The carbonate reservoirs lithofacies discussed in this paper contain heterogeneous pore types and properties. The challenge in predicting the distribution of the pores properties is through the technique used to construct a representative model to effectively describe the lithofacies distribution in 3D. The studied reservoirs are part of the Lekhwair and Kharaib Formations that were deposited in carbonate platform environment varied from lagoon, shoal, to ramp settings during Valanginian-Barremian age. Core and well-log data from an onshore oil field of Abu Dhabi were used to establish lithofacies distribution schemes and high resolution sequence stratigraphy (HRSS) frameworks. Twenty four lithofacies were identified based on faunal content, texture, sedimentary structures, and lithologic composition. HRSS interpretation indicated twenty one fourth-order parasequences that displayed aggradational, progradational, and retrogradational stacking cycles. A novel stochastic multirealizations modeling of lithofacies and their property distribution has been developed to characterize the subsurface complexity. The method combined depositional environment, HRSS, and diagenesis trend, and then integrated them with dynamic data to generate a holistic reservoirs characterization and representative simulation model. The workflow is as follows: Detailed core, thin section and lithofacies description;Paleoenvironmental interpretation;HRSS interpretation;Field scale stochastic modeling;Flow simulation and history match validation.

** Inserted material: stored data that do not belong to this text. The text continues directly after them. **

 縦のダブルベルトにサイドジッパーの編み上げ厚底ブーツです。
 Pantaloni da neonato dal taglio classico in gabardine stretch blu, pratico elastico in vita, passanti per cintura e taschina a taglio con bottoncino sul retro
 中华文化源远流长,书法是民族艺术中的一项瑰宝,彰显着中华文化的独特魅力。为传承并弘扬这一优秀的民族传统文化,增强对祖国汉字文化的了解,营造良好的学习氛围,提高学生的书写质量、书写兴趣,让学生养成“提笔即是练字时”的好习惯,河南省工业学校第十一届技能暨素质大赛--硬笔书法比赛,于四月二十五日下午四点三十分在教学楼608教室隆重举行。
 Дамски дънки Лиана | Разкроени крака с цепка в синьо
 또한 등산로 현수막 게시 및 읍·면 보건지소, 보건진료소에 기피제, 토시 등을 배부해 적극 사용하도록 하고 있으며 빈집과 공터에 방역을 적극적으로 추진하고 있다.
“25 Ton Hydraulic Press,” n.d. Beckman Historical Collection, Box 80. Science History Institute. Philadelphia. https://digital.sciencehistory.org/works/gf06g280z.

Field wide reservoirs lithofacies and property distributions were modeled and constrained by the identified HRSS framework. Hybrid combination of Truncated Gaussian Simulation (TGS) and Sequential Indicator Simulation (SIS) algorithms were used. This allows generating equiprobable multirealizations of realistic lithofacies cycles and properties trend in the area. The use of lithofacies distribution provided flexibility in the modeling workflow as it offers the outline for rock properties distribution such as rock types, porosity, permeability, and water saturation. The resulting multirealizations demonstrated consistency with the conceptual scheme, outcrop analogs, and geostatistical trend. This innovative approach has recently been implemented successfully in the studied field reservoirs. The resulting dynamic model depicted a good production history match; hence it will provide reliable production forecast and reservoirs development plan.